Metro One in financial straits
The firm is scheduled to take over Hawtel's 411 service this month
Metro One Communications Inc., scheduled to take over Hawaiian Telcom's directory assistance services later this month, says it had only $12 million in cash at the end of 2006 and may not be able to survive unless it is successful in raising additional financing, according to a 10-K filing Monday with the Securities and Exchange Commission.
The Beaverton, Ore., company, which already has a call center in Hawaii, has lost money each quarter since the first quarter of 2003. Overall, it lost $19.2 million in 2006 and $39.8 million in 2005.
In the filing, Metro One said its $12 million cash balance "will not likely be sufficient to fund operating and other expenses for the next 12 months or until we reach profitability."
The company said if it can't obtain adequate financing, it may be forced to sell assets or further reduce expenditures, and may not be able to pursue all of its business objectives.
Hawaiian Telcom said yesterday it has plans to ensure uninterrupted directory assistance service if Metro One has problems fulfilling its contract.
"We will be closely monitoring Metro One's financial status and act as needed," said Ann Nishida, senior manager of corporate communications for Hawaiian Telcom.
She said that cutover to Metro One is to be done incrementally in phases through the end of this month.
Hawaiian Telcom said last month it wanted to outsource its directory assistance and redirect resources toward the further expansion of its Internet and video services.

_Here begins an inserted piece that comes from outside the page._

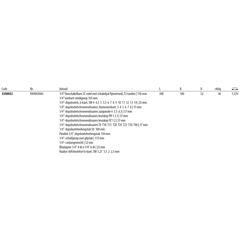 - Dopsleutelschroevendraaier 1/4", voor binnenzeskantbouten: met ingeperste, gefosfateerde stift

In doing so, the company notified 36 employees that their jobs were being eliminated.
The company said at the time that it will continue to provide call completion services internally, including collect calls and operator-assisted calls, and would not change the way it treated directory assistance in its billing packages.
Hawaiian Telcom said the move would eliminate the need for costly equipment and software upgrades, save the company 20 percent and better position it for expansion of more lucrative services.